Task goal: Repeat exactly the lines of the material below that run from the "たっぷり遊んだ後、公園をきれいにして、学校へ戻っています。" line to the "4- حديث أنس" line, including both, and do not carry over any pictures.

Excerpted records:
+++
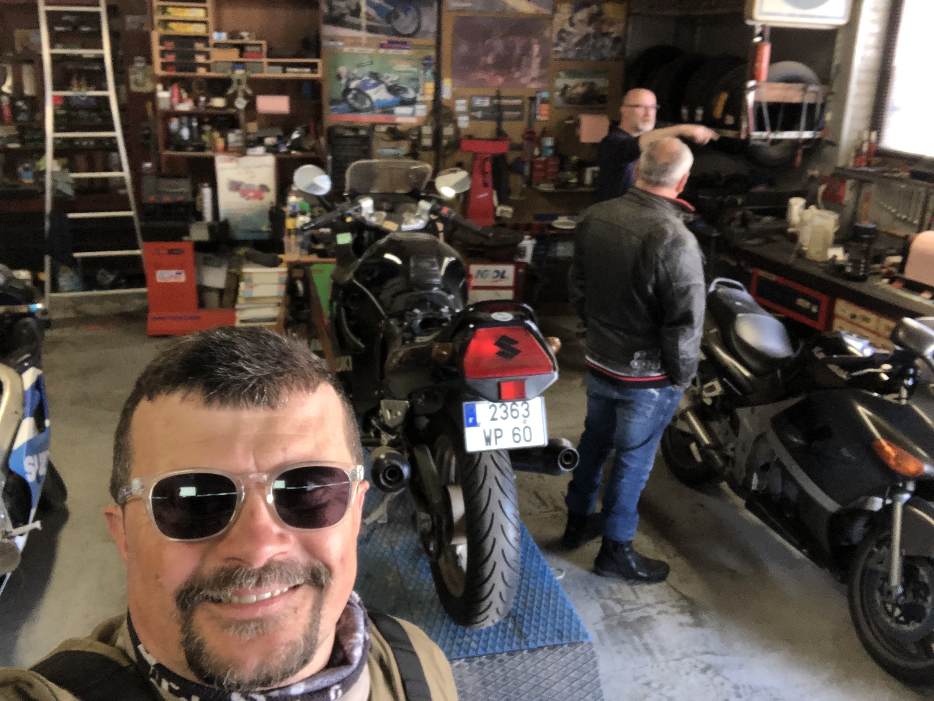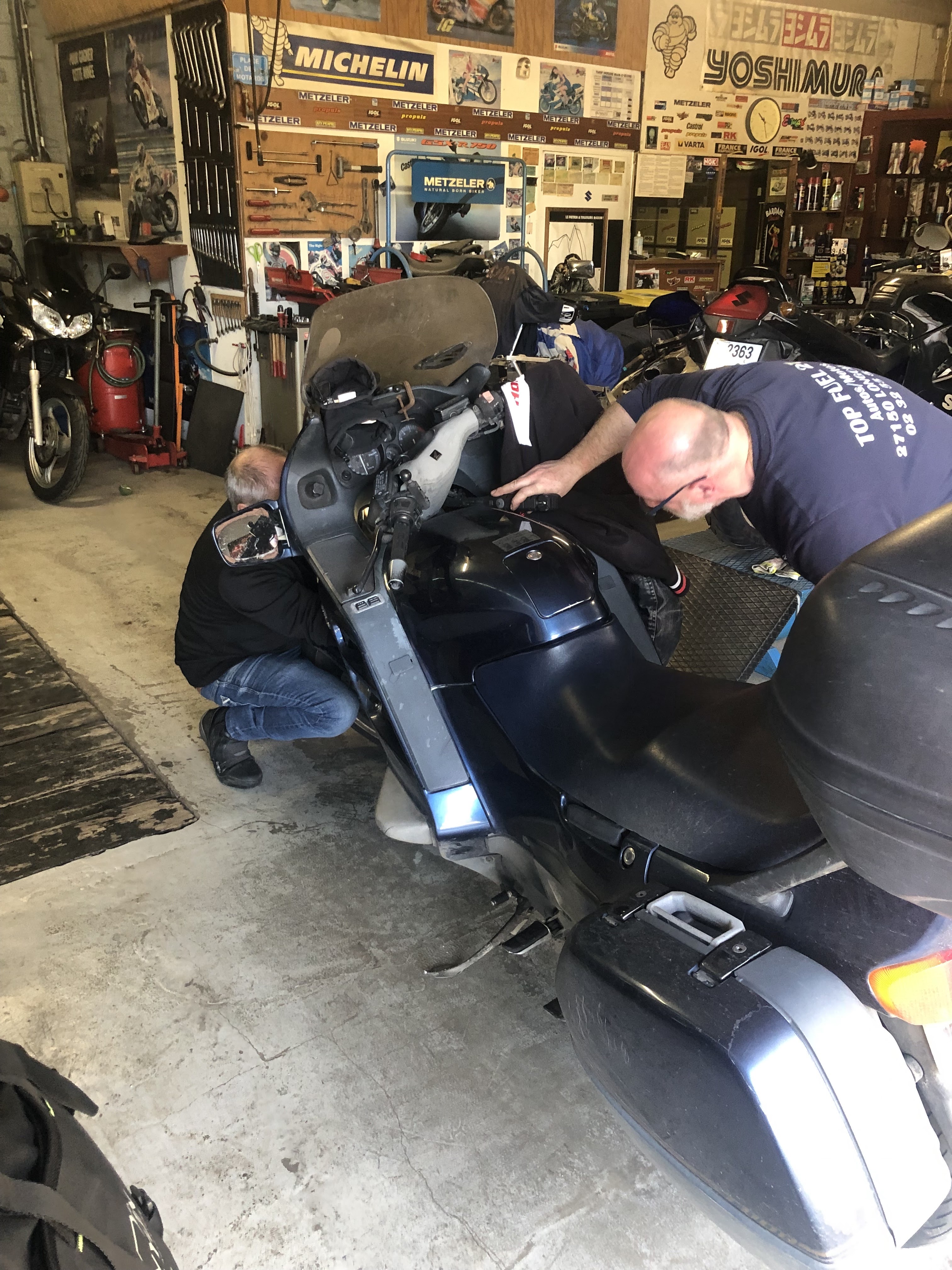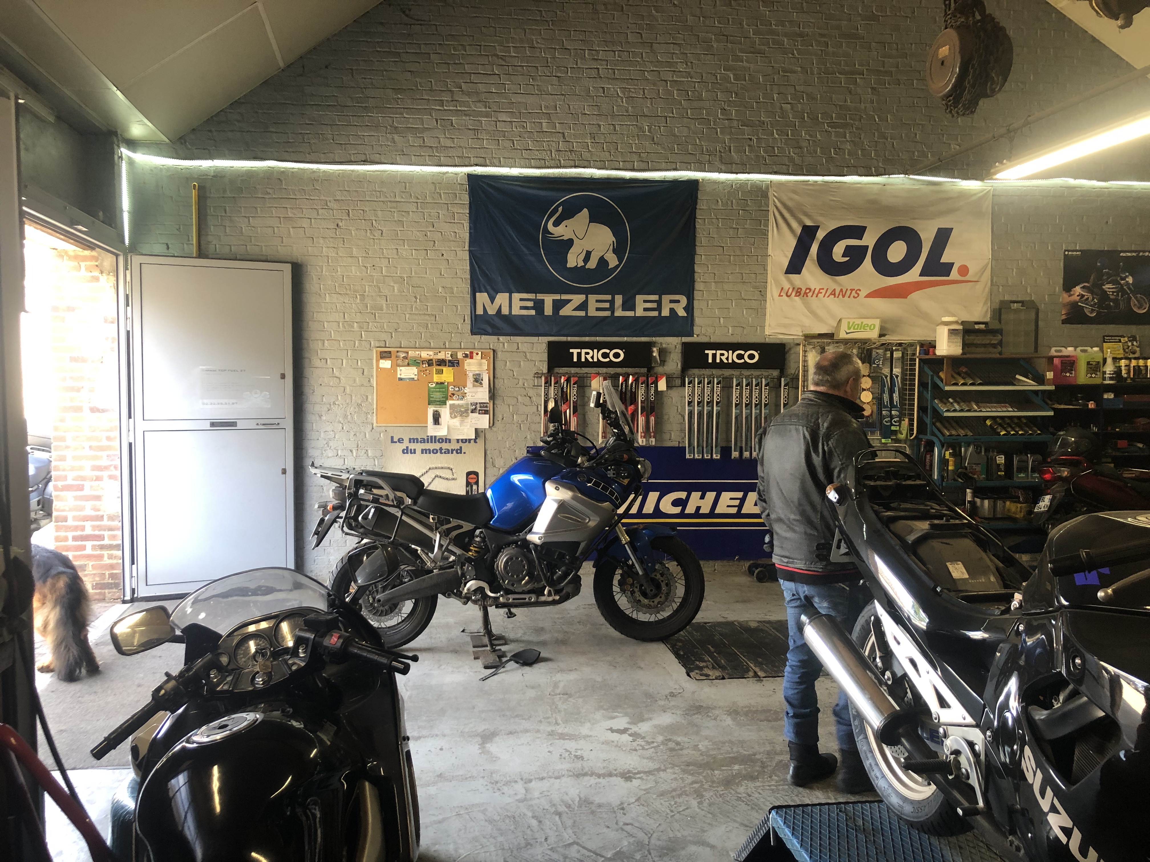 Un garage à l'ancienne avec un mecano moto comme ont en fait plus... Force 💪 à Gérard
+++
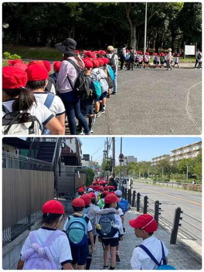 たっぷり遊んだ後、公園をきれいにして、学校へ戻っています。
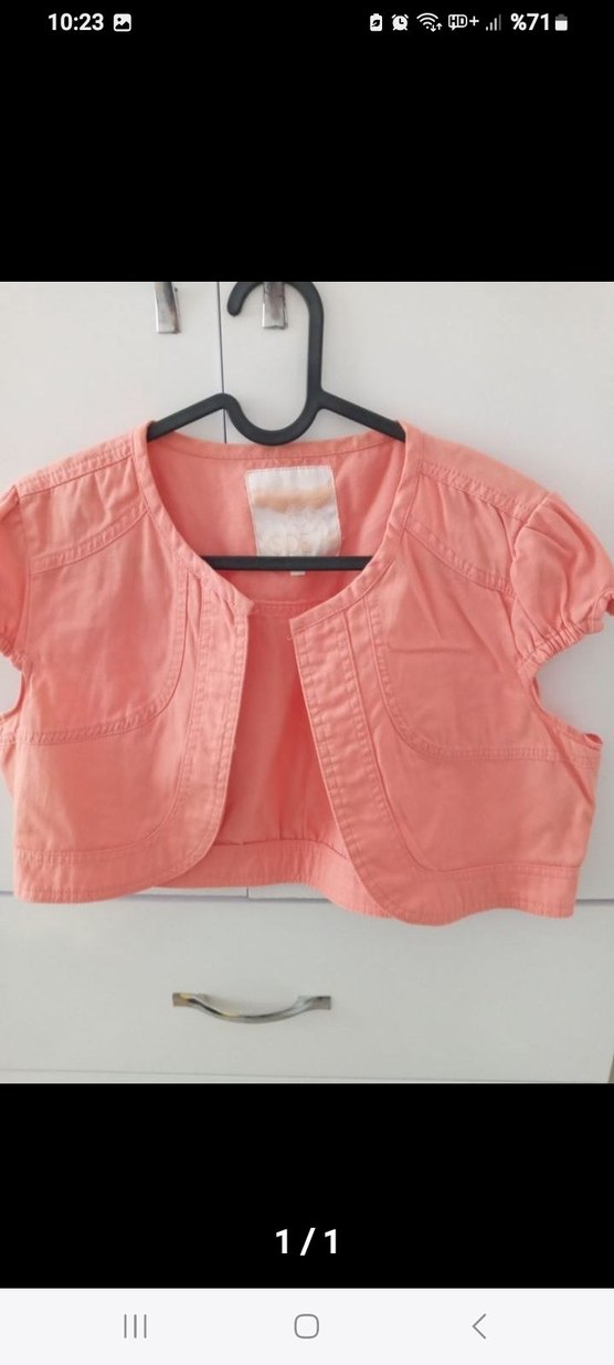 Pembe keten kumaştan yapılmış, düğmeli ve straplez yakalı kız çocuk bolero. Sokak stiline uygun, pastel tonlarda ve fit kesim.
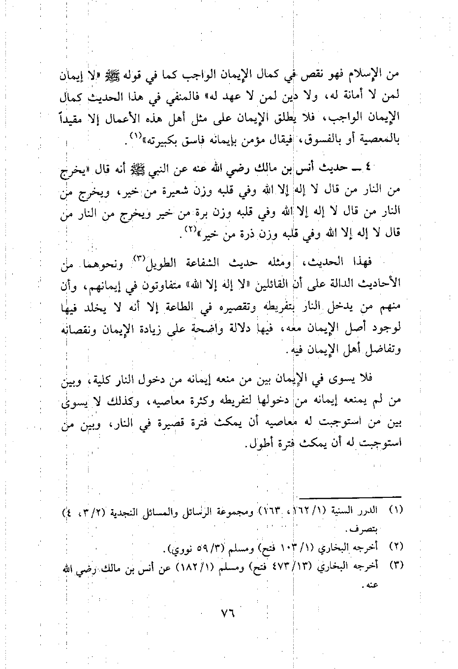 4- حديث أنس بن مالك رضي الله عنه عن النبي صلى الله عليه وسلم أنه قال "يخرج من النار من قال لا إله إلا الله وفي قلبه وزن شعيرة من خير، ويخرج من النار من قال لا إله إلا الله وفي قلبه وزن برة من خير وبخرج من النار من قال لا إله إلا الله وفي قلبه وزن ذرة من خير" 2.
+++
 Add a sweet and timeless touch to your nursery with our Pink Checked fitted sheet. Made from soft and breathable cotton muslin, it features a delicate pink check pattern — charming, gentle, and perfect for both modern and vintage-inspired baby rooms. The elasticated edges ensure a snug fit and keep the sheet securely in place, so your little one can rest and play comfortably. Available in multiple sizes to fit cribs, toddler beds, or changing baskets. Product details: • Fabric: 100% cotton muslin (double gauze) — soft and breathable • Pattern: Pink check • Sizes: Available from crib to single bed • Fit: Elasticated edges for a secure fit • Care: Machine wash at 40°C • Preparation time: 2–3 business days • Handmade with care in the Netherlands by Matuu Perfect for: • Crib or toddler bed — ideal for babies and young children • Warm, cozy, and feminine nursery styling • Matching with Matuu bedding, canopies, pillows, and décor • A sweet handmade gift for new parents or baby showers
+++
Solution for this exercise:
 たっぷり遊んだ後、公園をきれいにして、学校へ戻っています。
 Pembe keten kumaştan yapılmış, düğmeli ve straplez yakalı kız çocuk bolero. Sokak stiline uygun, pastel tonlarda ve fit kesim.
 4- حديث أنس بن مالك رضي الله عنه عن النبي صلى الله عليه وسلم أنه قال "يخرج من النار من قال لا إله إلا الله وفي قلبه وزن شعيرة من خير، ويخرج من النار من قال لا إله إلا الله وفي قلبه وزن برة من خير وبخرج من النار من قال لا إله إلا الله وفي قلبه وزن ذرة من خير" 2.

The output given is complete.